Please reproduce the entries below exactly from the line with "Effondrement du clocher" through their last line, leaving out any pictures.
** Records supplied follows **
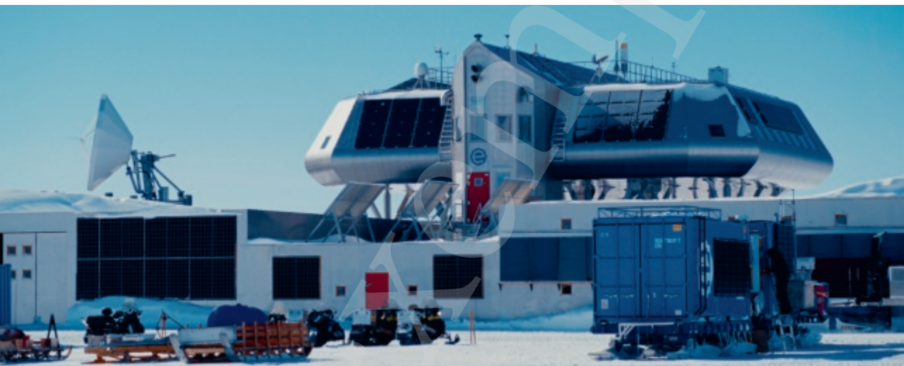
De Prinses Elisabethbasis op Antarctica.
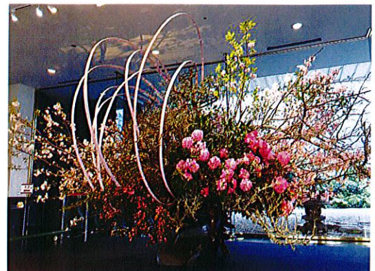
▲展示イメージ(エントランスロビー)
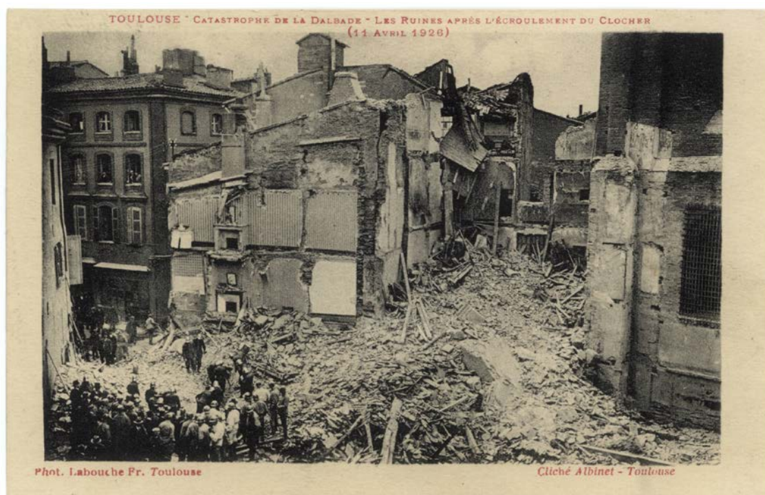
Effondrement du clocher de la Dalbade (11 avril 1926), ADHG 26 Fi 304
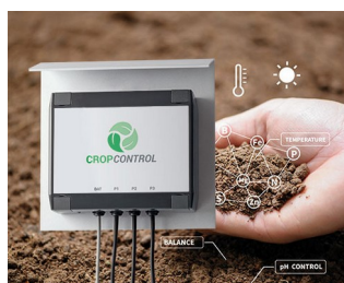
Smart Farming - system for long-term measurements
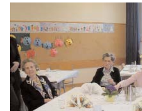
SeniorInnentreffen in der bilingualen Mittelschule Kopfstasse, Thema: Über alte Zeiten plaudern
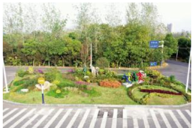
蜀山区 2018 年(上半年)花境建设设计施工一体化(2标段)
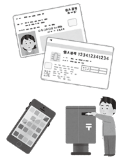
▲オンラインや郵送での申請も行っています

また、直近3か月の申請件数は、令和4年11月に2419件、同年12月に4274件、令和5年1月に1746件となっております。
** End of Records supplied **
Exercise solution:
Effondrement du clocher de la Dalbade (11 avril 1926), ADHG 26 Fi 304
Smart Farming - system for long-term measurements
SeniorInnentreffen in der bilingualen Mittelschule Kopfstasse, Thema: Über alte Zeiten plaudern
蜀山区 2018 年(上半年)花境建设设计施工一体化(2标段)
▲オンラインや郵送での申請も行っています

また、直近3か月の申請件数は、令和4年11月に2419件、同年12月に4274件、令和5年1月に1746件となっております。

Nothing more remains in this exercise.